Bumbling Mayor de Blasio Blames Fog, Fatigue for Tardiness to Memorial Service
From the “You Can’t Make This Stuff Up” Department…
On Thursday, New York City marked another somber anniversary. This time, it was about remembering the lives lost from the crash of American Airlines Flight 587 thirteen years ago that killed 265 people, including five on the ground. It is the second deadliest aviation crash involving an Airbus A300 in history. Since it happened shortly after 9/11, it often gets overlooked on a national media, but is covered every year by local NYC affiliates.
So you can only imagine the reaction when New York City Mayor Bill de Blasio showed up late for a moment of silence to mark the exact time (9:16 AM) the plane crashed.
Miriam Estrella lost five family members that day and was responsible for ringing the bell signifying the moment of silence. When 9:16 AM came, the mayor was nowhere to be found.
“They kept telling us, ‘Wait, he’s coming. He’s coming,’ and I said, no, we’re not waiting. We’re not going to wait for him for a moment of silence. It happened at a certain time. That’s the time that we have to toll the bells,” Estrella said.
So she went ahead and rang the bells anyway. Good for her.
What was Mr. de Blasio’s excuse? Hope you’re not eating or have any sharp objects around. Most of all, be sure to be sitting down. After blaming fog for hampering travel, he offered up this doozy:
“I was just not feeling well this morning. I had a very rough night. I woke up sluggish, and I should have gotten myself moving quicker…just woke up in the middle of the night and couldn’t get back to sleep and I felt really sluggish and off-kilter this morning.”
Well, when you put it that way…
“Everyone has had a rough night, but you have to do your job the right way,” Estrella said to him directly in response. Good for her again.
Bill de Blasio came into office by capturing 73 percent of the vote one year ago. He comes from the Elizabeth Warren wing of the Democratic Party and is soundly principled in that regard; he’s a hard-core liberal and proud of it, which is hard to find these days. The 53-year-old NYU graduate has even evaluated himself as a national voice (when no one else has), writing the following in the Huffington Post following his party’s decimation last week:
“This year, too many Democratic candidates lost sight of…core principles – opting instead to clip their progressive wings in deference to a conventional wisdom that says bold ideas aren’t politically practical. … Bold, progressive ideas win elections.”

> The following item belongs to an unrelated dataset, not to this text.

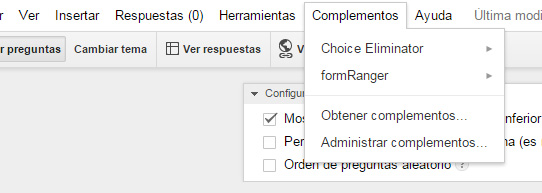 Para utilizarlos, es muy sencillo, dentro de la página de edición de nuestro formulario, existe una opción en el menú "Complementos". Desde esta opción podemos activar o desactivar los complementos que ya hemos instalado o instalar alguno nuevo:
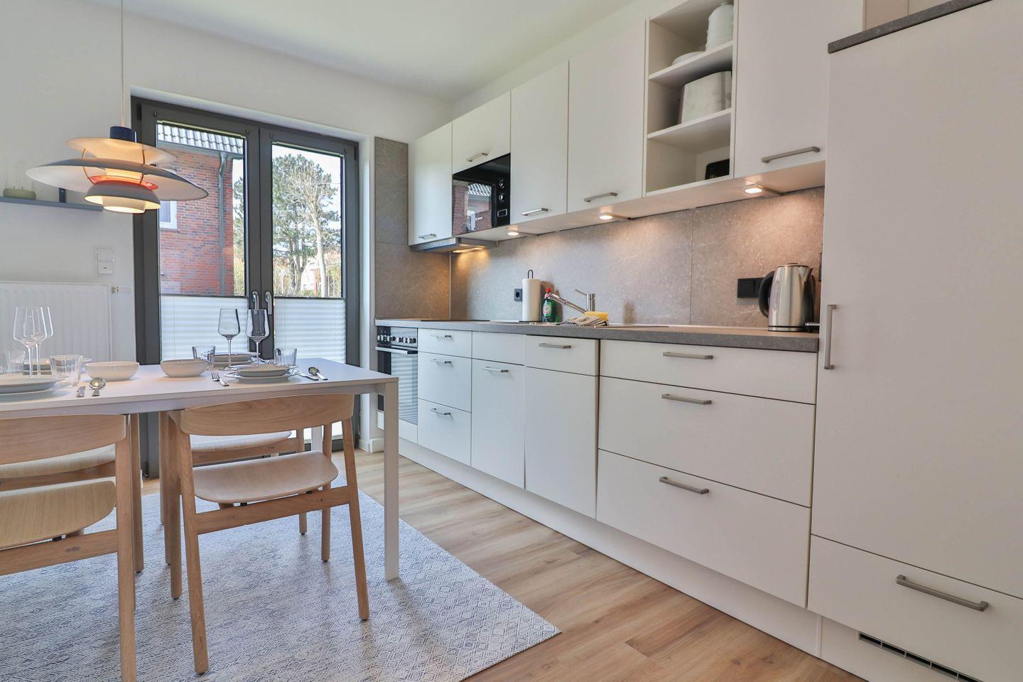 Der lichtdurchflutete Wohn- und Essbereich bildet das Herzstück der Wohnung. Hier können Sie entspannen, gemeinsam essen und die Zeit genießen. Die offene Küchenzeile ist mit allem ausgestattet, was Sie für einen komfortablen Aufenthalt benötigen: Herd, Backofen, Kühlschrank mit Gefrierfach, Mikrowelle, Spülmaschine, Kaffeemaschine, Wasserkocher, Toaster und Mixer. Hier können Sie Ihre Lieblingsgerichte auch im Urlaub problemlos zubereiten.

But for de Blasio to be lecturing anyone on how to go about governing is laughable in the eyes of even some the New Yorkers who voted for him. He may have captured 73 percent of the vote, but the bloom fell off the rose too soon thereafter via a series of missteps you can read about in a previous column here. Just four months after being elected in the aforementioned landslide, his approval rating fell to just 45 percent (Quinnipiac) and has stayed around the level since.
Bill de Blasio was late to a memorial service. Not the end of the world.
But instead of simply apologizing and begging for forgiveness, he offered up the kind of lame excuses a 7th grader does when late for class. A local CBS affiliate interviewed New Yorkers shortly thereafter:
“Rude.” “Disrespectful.” “Insulting.” Those were three ways to describe New York’s 109th Mayor’s actions yesterday morning. And those were the ones fit for print.
Yup, you really can’t make this stuff up.